フォレイグンは親指大の小瓶を持ち上げた。中には透明な液体がたっぷりと詰まっている。

「まあ待て。全て運び込んでから説明する」

小瓶を元の位置に戻した。小瓶が箱の中に約三百個は詰まっている。そして、その箱が今あるだけで三十二箱。しかも、魔塗はまだ箱を運び続けている。手伝いは必要ないと言われた為、非常に手持ちぶさただ。ただ静かに煙草を吸って待つ。

それから煙草を十八本程消費した所でようやく魔塗は箱を運び終えた。箱の数は全部で五十四箱。それぞれに三百個ずつ小瓶が詰まっているとすれば、小瓶の数は合計一万六千二百個にもなる。魔塗は汗を拭くとおもむろに小瓶を手に取り、フォレイグンの目の前にかざした。

「これが何なのか、という質問だったな」

頷く。魔塗は小瓶を掌で転がした後、元の場所に戻した。

「一言で言えば、ワクチンだ」

「ワクチン?」

「そうだ。正確に言えば、ウイルスを殺す薬品とでも言った所だな」

もう一度小瓶を手に取る。中の液体は、それと言われれば水にも見えるだろう。とてもこれがウイルスを殺せるとは思えない。半信半疑で、小瓶を戻した。

「見た目に騙されるんじゃない。ウイルスについては、何の事だか分かっているな?」

記憶をまさぐり、一度確かめてから頷く。ウイルスというのは、Sunの住民があっという間に生ける屍と化す程の強大な力を持った開発中の未知のウイルス、シュピラーニョウイルスだ。

「でも一体、どうやって?市長様の知能を持ってしてもかなり時間の掛かる作業だと思いますが、今は行動を起こした日から僅か二日しか経っていません」

魔塗が察しがいいな、と口角を上げる。そしてきまりが悪そうに苦笑した。

「ばれなければ黙っているつもりだったのだがな。実を言うと、このワクチンは保健機関細胞革新局新細胞開発課に元からあった物なのだよ」

「こんなに沢山のワクチンが?それなら、何故保健機関の人々は直ぐにこれを投与しなかったのでしょうか」

魔塗はポケットからおもむろにシャーレを取り出した。中にはガラスの破片が入っている。

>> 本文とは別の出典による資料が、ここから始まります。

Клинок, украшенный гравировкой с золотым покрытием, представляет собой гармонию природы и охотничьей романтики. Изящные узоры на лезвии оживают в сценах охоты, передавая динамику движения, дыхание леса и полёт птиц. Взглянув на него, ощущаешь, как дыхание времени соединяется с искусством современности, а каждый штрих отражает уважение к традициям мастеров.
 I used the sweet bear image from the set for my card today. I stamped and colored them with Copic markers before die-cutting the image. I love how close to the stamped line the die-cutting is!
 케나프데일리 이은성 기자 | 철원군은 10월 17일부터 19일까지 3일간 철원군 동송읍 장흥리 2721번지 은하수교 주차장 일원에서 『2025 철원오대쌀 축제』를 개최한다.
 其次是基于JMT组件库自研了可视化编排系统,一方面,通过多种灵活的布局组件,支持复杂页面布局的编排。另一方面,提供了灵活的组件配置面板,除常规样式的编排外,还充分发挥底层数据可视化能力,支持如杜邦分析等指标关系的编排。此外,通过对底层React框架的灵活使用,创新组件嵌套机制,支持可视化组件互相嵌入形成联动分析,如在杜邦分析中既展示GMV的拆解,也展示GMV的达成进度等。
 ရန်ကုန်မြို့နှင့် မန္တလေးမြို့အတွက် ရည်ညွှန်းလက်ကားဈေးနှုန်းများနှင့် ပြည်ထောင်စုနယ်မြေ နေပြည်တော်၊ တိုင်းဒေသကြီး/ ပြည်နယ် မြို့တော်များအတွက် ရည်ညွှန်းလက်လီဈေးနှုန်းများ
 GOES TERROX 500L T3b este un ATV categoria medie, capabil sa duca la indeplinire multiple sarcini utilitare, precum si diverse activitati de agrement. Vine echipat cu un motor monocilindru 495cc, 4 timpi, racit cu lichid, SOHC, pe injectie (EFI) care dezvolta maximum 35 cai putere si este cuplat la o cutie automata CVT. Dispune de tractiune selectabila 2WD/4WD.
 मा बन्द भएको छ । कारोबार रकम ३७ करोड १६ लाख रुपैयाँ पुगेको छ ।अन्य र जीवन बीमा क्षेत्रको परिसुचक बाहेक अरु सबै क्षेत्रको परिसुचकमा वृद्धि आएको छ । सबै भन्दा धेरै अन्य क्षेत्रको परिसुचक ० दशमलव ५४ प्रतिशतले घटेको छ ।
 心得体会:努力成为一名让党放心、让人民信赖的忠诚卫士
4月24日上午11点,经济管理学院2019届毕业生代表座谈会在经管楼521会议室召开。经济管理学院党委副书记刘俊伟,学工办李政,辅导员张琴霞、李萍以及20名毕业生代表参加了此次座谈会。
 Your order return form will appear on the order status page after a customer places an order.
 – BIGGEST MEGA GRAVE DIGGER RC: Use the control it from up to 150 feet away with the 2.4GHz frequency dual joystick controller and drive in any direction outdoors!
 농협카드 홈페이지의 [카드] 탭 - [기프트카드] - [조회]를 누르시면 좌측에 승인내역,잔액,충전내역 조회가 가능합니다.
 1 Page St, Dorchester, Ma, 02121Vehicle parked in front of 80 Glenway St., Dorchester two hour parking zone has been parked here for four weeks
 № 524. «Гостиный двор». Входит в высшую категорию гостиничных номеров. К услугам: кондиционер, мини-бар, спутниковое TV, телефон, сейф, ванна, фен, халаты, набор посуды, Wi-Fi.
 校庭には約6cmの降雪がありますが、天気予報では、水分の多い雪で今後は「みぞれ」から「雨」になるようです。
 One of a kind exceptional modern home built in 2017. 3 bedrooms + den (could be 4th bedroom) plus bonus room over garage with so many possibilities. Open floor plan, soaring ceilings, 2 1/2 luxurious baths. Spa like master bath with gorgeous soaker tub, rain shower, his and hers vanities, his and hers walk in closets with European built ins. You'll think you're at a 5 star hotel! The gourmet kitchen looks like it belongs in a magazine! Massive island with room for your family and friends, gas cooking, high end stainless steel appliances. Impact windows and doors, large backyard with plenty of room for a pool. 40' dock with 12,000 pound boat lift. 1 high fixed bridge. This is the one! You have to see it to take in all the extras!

「この破片に、極僅かなワクチンが付着していたのだ。きっと生き残った誰かがワクチンを作ろうと試み、そして成功したのだろう。その証拠だが、まず保健機関の窓が割れていた。そしてあの部屋の台の上には人間の血痕が残り、顕微鏡の下にはこの破片。これ程確かな証拠は他に無いだろう」

「では一体、誰が」

「うむ…これはわたしの一介の予想にすぎないのだが、聞いてくれないか」

常に自信に満ちた魔塗がこんな発言をするのは珍しい。もちろんです、と頷いた。

「最近起こった事件の中で、大量殺人事件があったのを覚えているか?そう、保健機関の職員二名、兵士四人が殺されたあの事件だ。もちろん犯人は例の五人な訳だが、一つ気になる事がある」

「気になる事…?わしは別に何も感じませんでしたが…」

「それは仕方のない事だ。彼ら五人が組んでいる事を知る物でなければおそらく気に留めはしないだろう。これは、その時保健機関に居た患者から聞いた話だが、それによると犯人は全部で七人居たらしいのだ」

「七人…しかし今市長様は、犯人は五人だと言っていましたが」

そう、問題はそこなのだ、と魔塗は煙草に手を伸ばし、火を点けた。大きく煙を吐いて、続ける。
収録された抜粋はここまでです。